Electronic excitations in organic microcavities with strong light-matter coupling

The electronic excitations in non-cavity materials with broad and dispersionless electronic resonances are localized (i.e. incoherent, the wave vector being not a 'good' quantum number). This picture changes drastically in structures with strong resonant light-matter interaction. We present here a short review of theoretical and experimental results and as example we discuss the excitations in a planar microcavity, which utilizes organic materials as the optically resonant semiconductor. As it follows from macroscopic theory, as a result of strong light-matter coupling two polariton branches appear which are analogous to the cavity-polariton branches observed in inorganic microcavities. However, the polariton branches only exist in a certain restricted intervals of wave vectors. The majority of the electronic excited states do not strongly couple to the cavity photon, and these states are localized.

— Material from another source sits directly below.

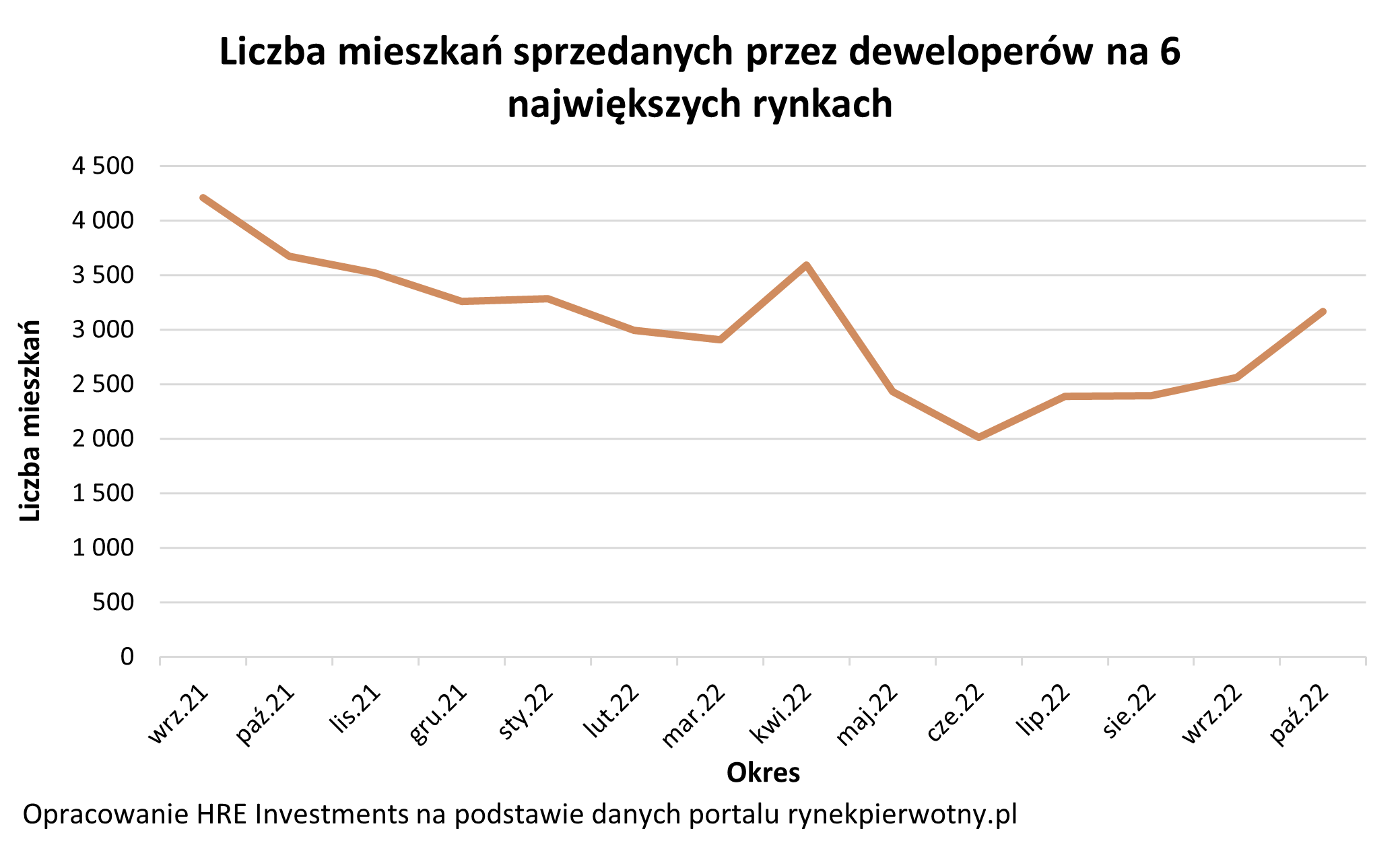 Jeśli ponadto wierzyć danym przedstawionym przez portal rynekpierwotny.pl, to w październiku deweloperzy sprzedali całkiem sporo mieszkań. Dane z 6 największych rynków (Warszawa, Wrocław, Kraków, Poznań , Gdańsk i Łódź) sugerują, że firmy budujące mieszkania znalazły nabywców na prawie 3,2 tys. lokali. To całkiem przyzwoity wynik. Co prawda jest to wciąż o około 10-15% mniej niż w analogicznym okresie przed rokiem, ale przecież rok 2021 był pod wieloma względami rokiem rekordowym. Ponadto licząc od czerwca, który w bieżącym roku był najgorszym pod względem wolumenu sprzedaży, liczba podpisanych umów była w październiku już o ponad połowę lepsza. Oczywiście jest jeszcze za wcześnie, aby mówić o poważnej zmianie rynkowej, ale przy odbudowującej się sprzedaży i pikującej liczbie rozpoczynanych inwestycji trzeba się liczyć z tym, że oferta w biurach sprzedaży deweloperów będzie coraz bardziej przebrana. Czas dopiero pokaże czy taki scenariusz nas czeka.

We compare these predictions with results of numerical simulation of a disordered one-dimensional microcavity in the strong coupling regime. In this numerical simulations, the translational symmetry breaking due to disorder scattering is explicitly taken into account. The results qualitatively demonstrate the same structure of spectrum as obtained in the macroscopic theory for planar microcavity. They also give the possibility to analyse in the one-dimensional case the character of the wave functions both in real space and in Fourier space determining the intervals of wave vectors, where coherent (polaritonic) states exist and estimating for different spectral regions the radius of localized (incoherent) states.